На этом и расстались. Левицкий вышел из ресторана и направился к большевикам сообщать о неудачных переговорах с Крабелем, а сам Крабель, посидев ещё не много, расплатился и, выйдя из ресторана, зашёл в лавку элитного китайского чая Син Шан. Купил чай, поговорил с приказчиками и только после этого отправился домой.
ГЛАВА 8. БОЕВАЯ ОРГАНИЗАЦИЯ ЭСЕРОВ.
На лавке у забора лузгали семечки и курили самосад двое мужчин и, судя по шелухе, от семечек и разбросанных окурков, сидели они здесь долго, благо день, вернее уже вечер, был погожий, летний. Это были социалисты – революционеры Домбровского, приставленные следить за Крабелем и Левицким. Их звали: Кумарёв Дмитрий, партийная кличка Зверь и Рогачёв Иван, партийная кличка Ван. Одеты они были как рабочие, хотя ими не являлись, а были когда-то студентами, отчисленными за революционную деятельность. Потом, арест, суд, тюрьма, ссылка и вот они в Приморье живут на доходы от «эксов». Впрочем, вся группа Домбровского была такая.

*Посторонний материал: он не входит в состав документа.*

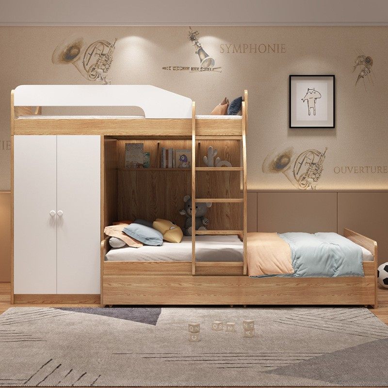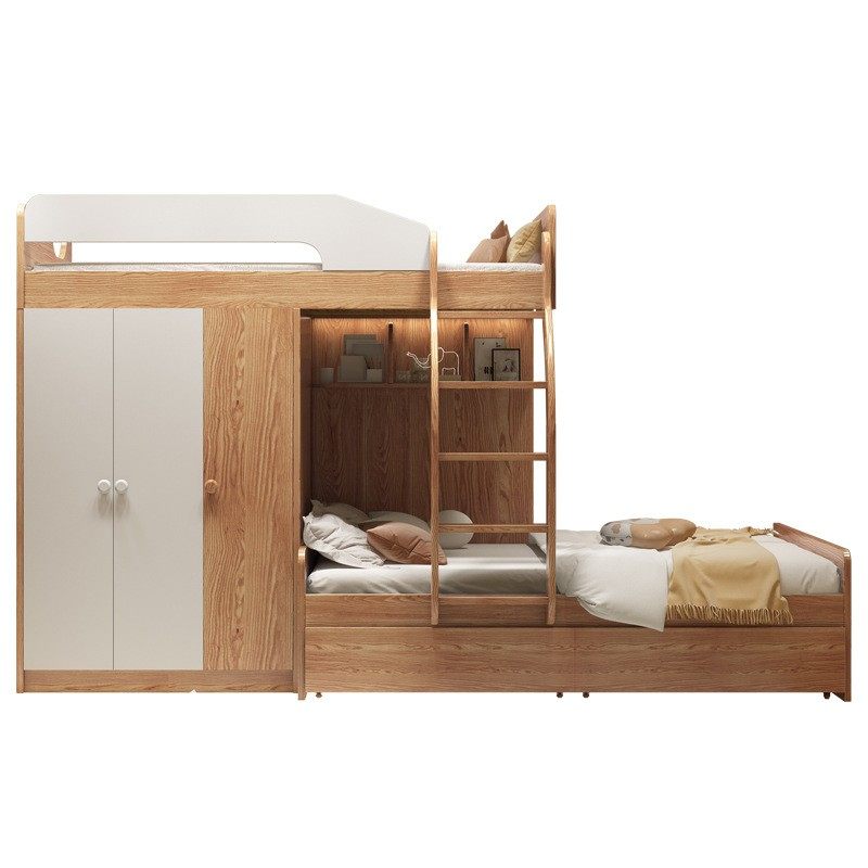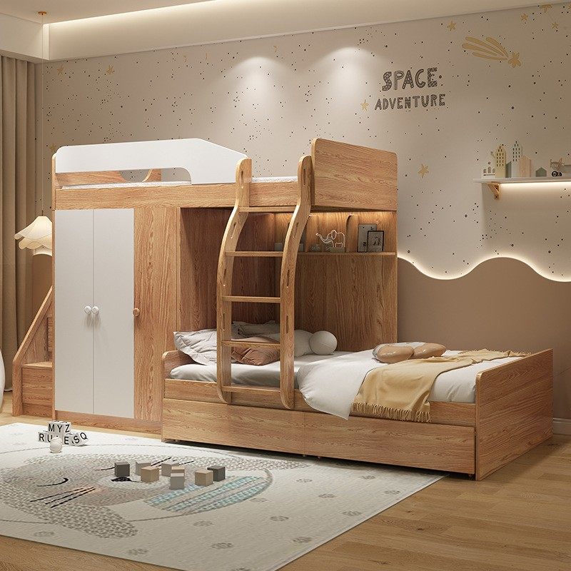 实木平行交错式上下床带衣柜一体错位型高低床多功能小户型子母床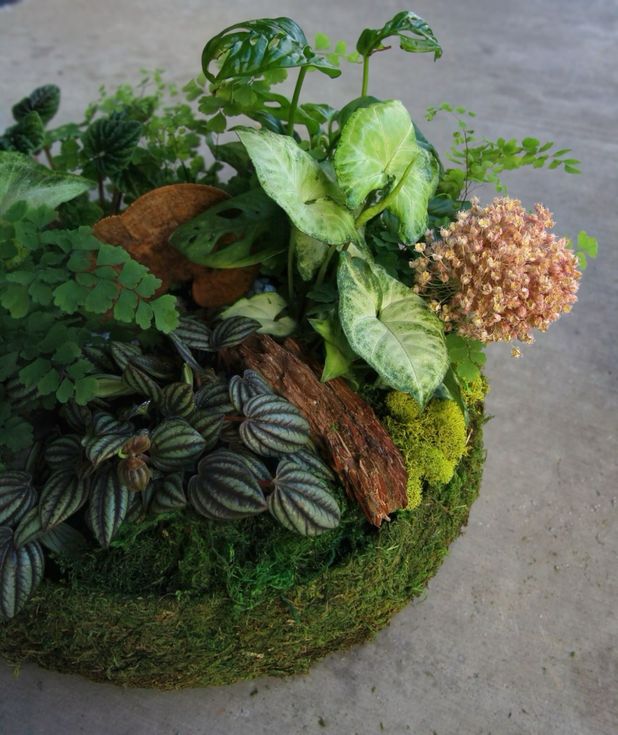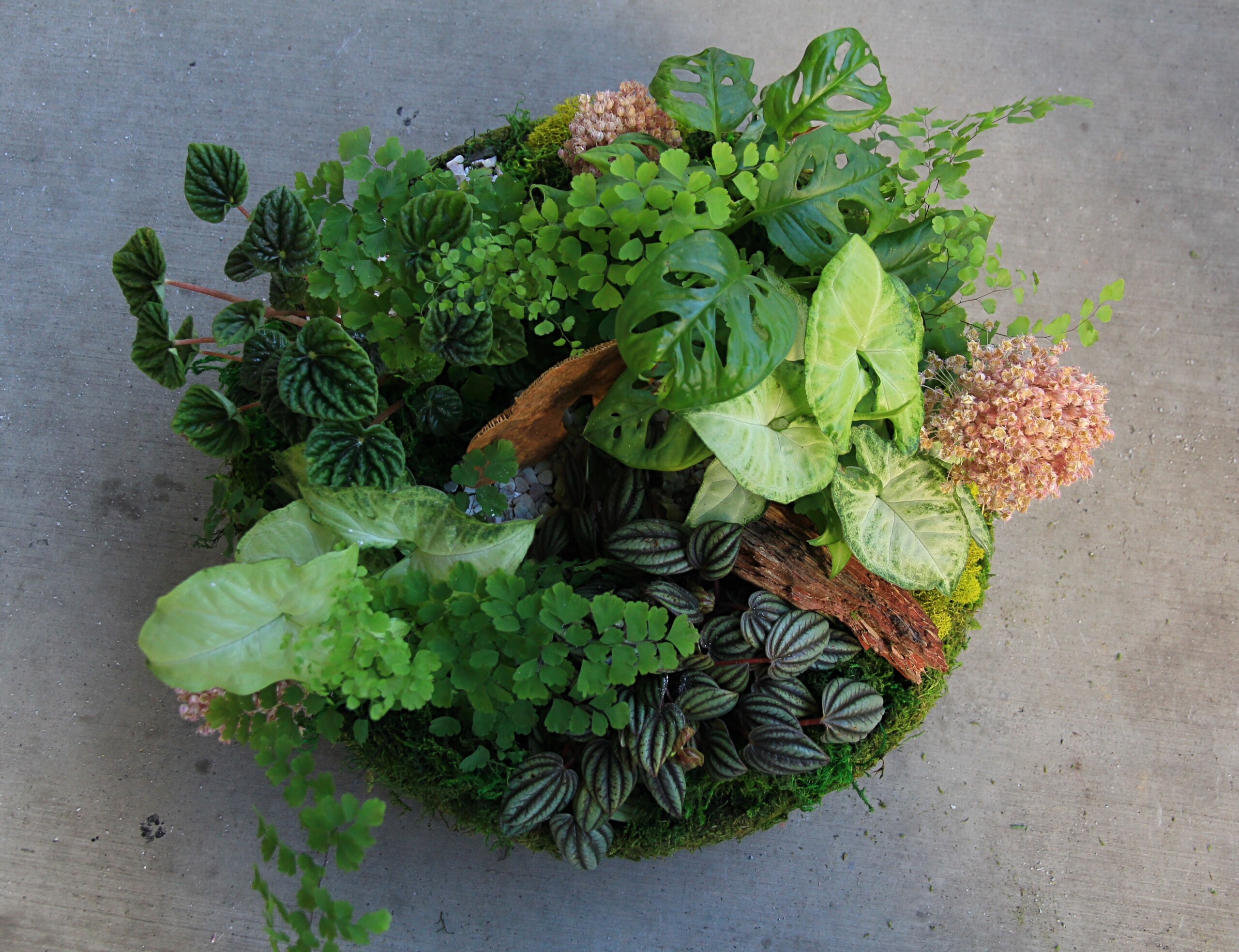 Image shown is a Kitchen size planter in a Designer’s choice container with Moss. Plant selection and variety will change based on availability.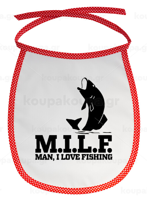 M.I.L.F. Mam i love fishing, Σαλιάρα μωρού αλέκιαστη με κορδόνι Κόκκινη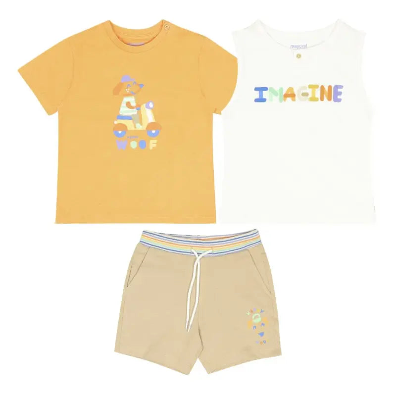 The short-sleeved T-shirt has a fun dog print on the front with a slogan that reads 'Happy Woof'. There is a wooden button and a concealed popper on one shoulder. When the temperature warms up, the blue sleeveless vest has a colourful slogan on the chest and a rainbow tab on the side seam. The matching shorts have a coordinating print on the leg, along with slanted front pockets and a striped waistband. Drawstring ties ensure a more secure fit.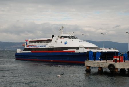 Kocaeli’nden kaçırılan ‘Kartepe’ adlı deniz otobüsü, getirildiği Kocaeli’nin Karamürsel Vapur İskelesi’nde sefere çıkartılmadı. Basın mensuplarının geminin içerisinden görüntü almasına da izin verilmedi.
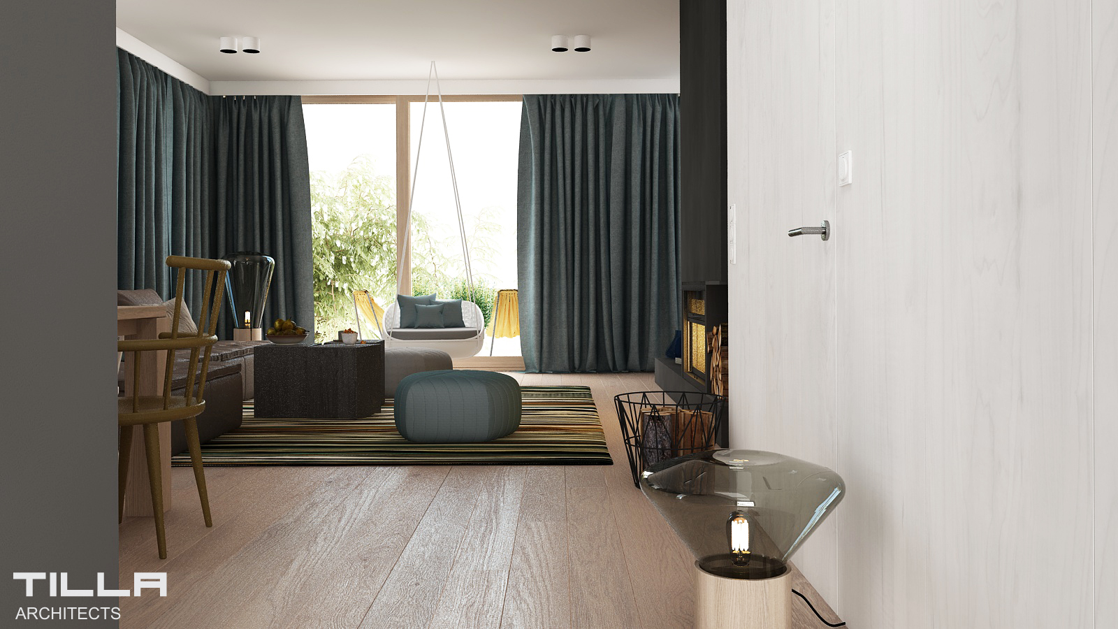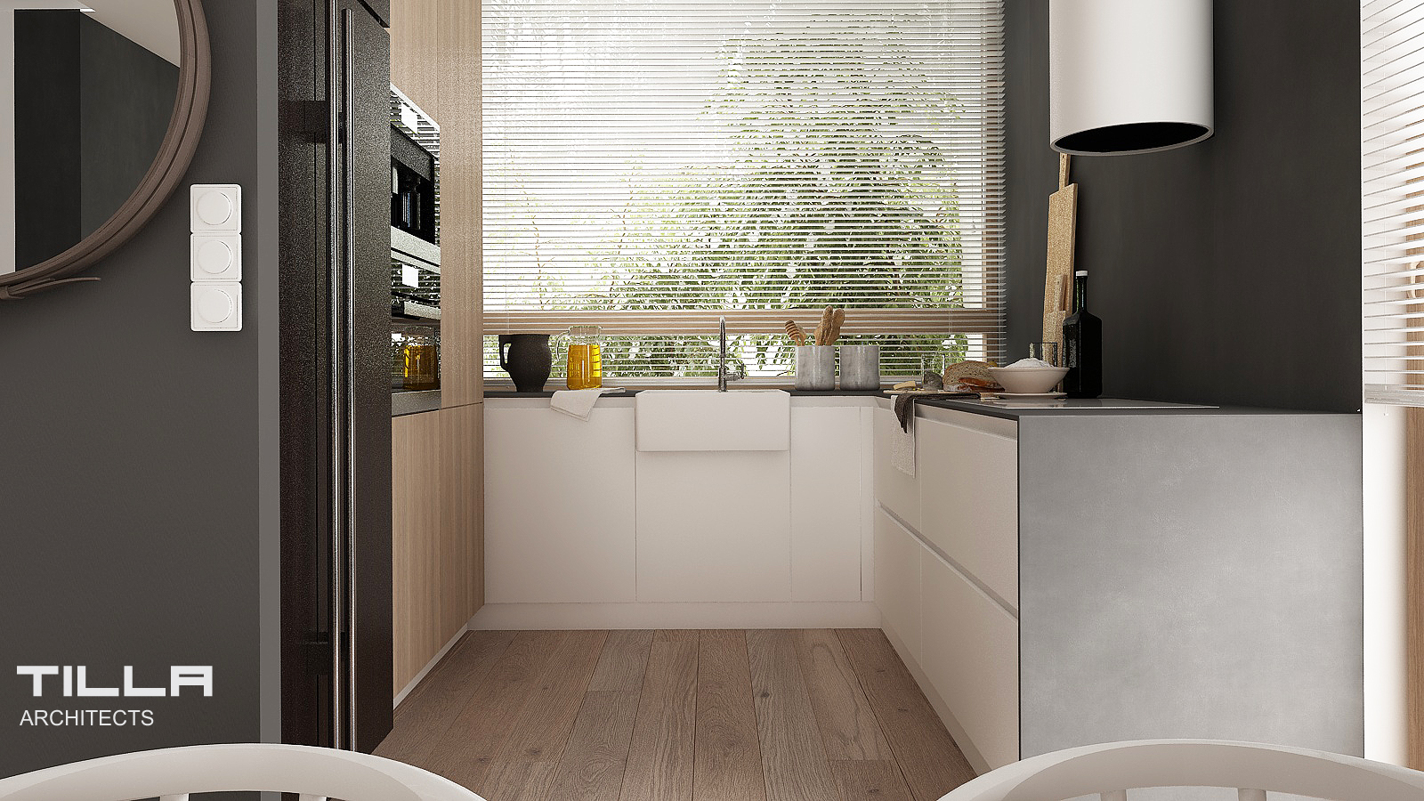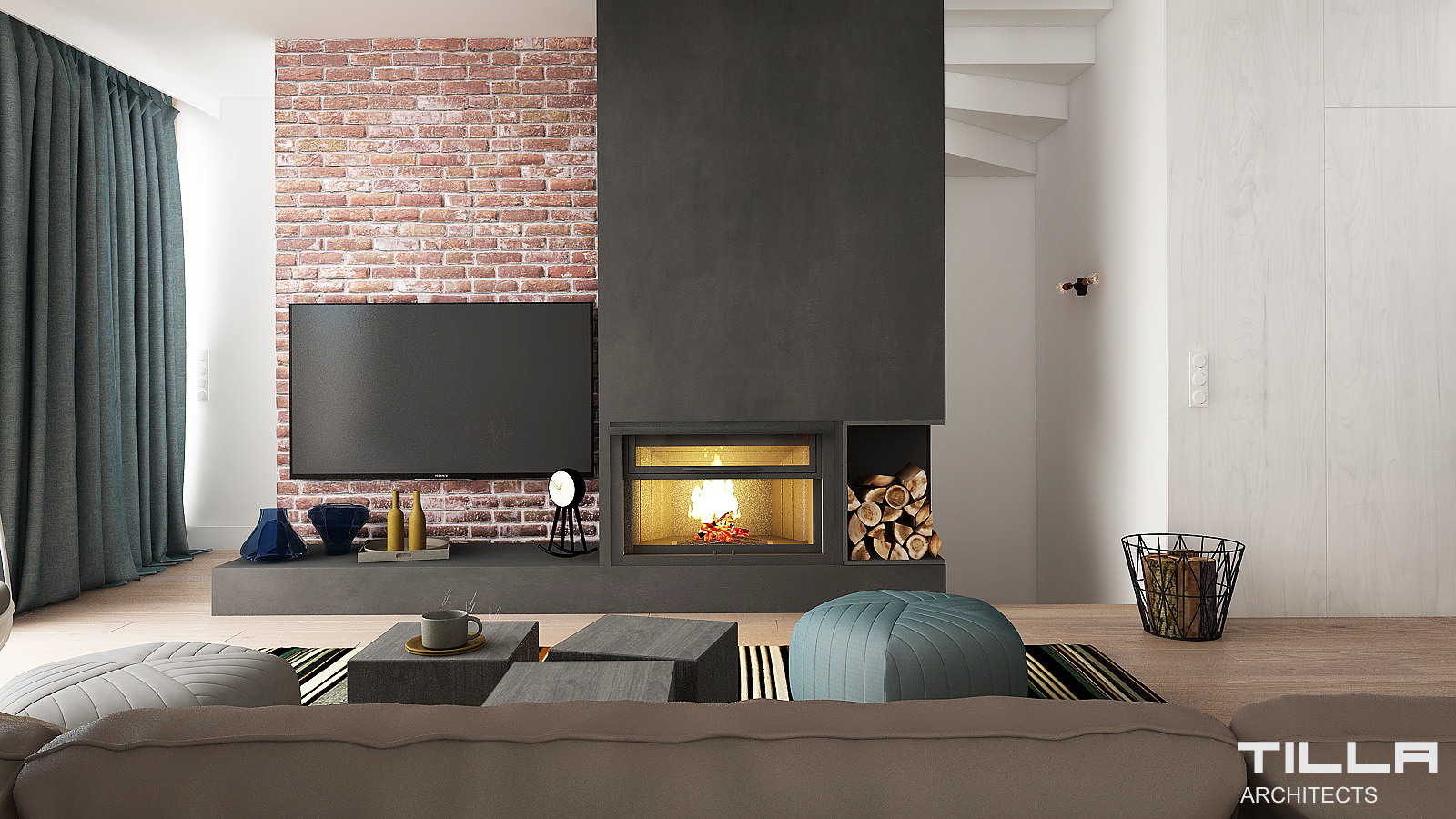 W tym miejscu nie można się nudzić. Jest energetyczny, pełen eklektycznych połączeń, etnicznych nawiązań i koloru. Bohaterem salonu jest dywan w barwne pasy. Ożywia stonowane tło w postaci jasnej podłogi i pozostałych elementów wyposażenia w spokojnych kolorach. Obok kanapy i puf znalazła się również huśtawka z wygodnym siedziskiem. Obok telewizora znalazł się prosty kominek, który dodaje przytulności. Kuchnia jest minimalistyczna – utrzymana w bieli i szarości, ożywiona cegłą, która pojawia się na ścianie. Kącik jadalniany tworzą stół i drewniane krzesła w stylu vintage w różnych kolorach wraz z loftowymi lampami wiszącymi.

К ним подошёл третий так же одетый мужчина, это был «вторая рука» в боевой организации эсеров Михаил Дудек, партийная кличка Трубач.
- Сидим? – спросил он.
- А что делать? – ответил Кумарёв. - Сидим и следим. Крабель после встречи с Левицким зашёл в лавку к манзам, купил чаю и вон видишь? – свеча горит. Значить что? Правильно! Дома сидит. Ему хорошо. Из одной двери вышел, в другую вошёл и дома. Он целый этаж, говорят, у этой китаянки снимает.
Манзами в Приморье называли всех живших там китайцев и не важно, постоянно они там живут или временно, жили ли они тут до прихода русских или появились потом.
- Чай сам купил? – спросил Дудек.
- Сам. А что?
- У него домработница для этой цели есть. Что-то здесь не чисто! Молоток где?
- Он пошёл за Левицким. Да вон он возвращается.
Подошёл четвёртый, он же Ганин Николай, партийная кличка Молоток, потому, что молодой ещё, до молота не дорос.
- Левицкий дома – доложил он.
- Хорошо – сказал Дудек. – А манзы в лавке ещё работают. Подождём.
Они сели на лавку в тени забора, Дудек достал из внутреннего кармана пиджака бутылку китайской водки - ханшин, ударом ладони по донышку бутылки выбил пробку. Русскую казёнку – казённую водку, не употребляли. Во-первых, в России был «сухой закон» и водку не продавали, а, во-вторых, китайская водка всё равно дешевле. Стакан был один на всех. Когда он попал в руки Ганина, тот поднял его и весело сказал:
- Ну, не ради пьянства окаянного, а дабы не отвыкнуть!
- Молод ещё такие слова говорить – сказал Дудек. - Хочешь быть умным, вообще не пей! Давай, Коля не тяни, освобождай тару.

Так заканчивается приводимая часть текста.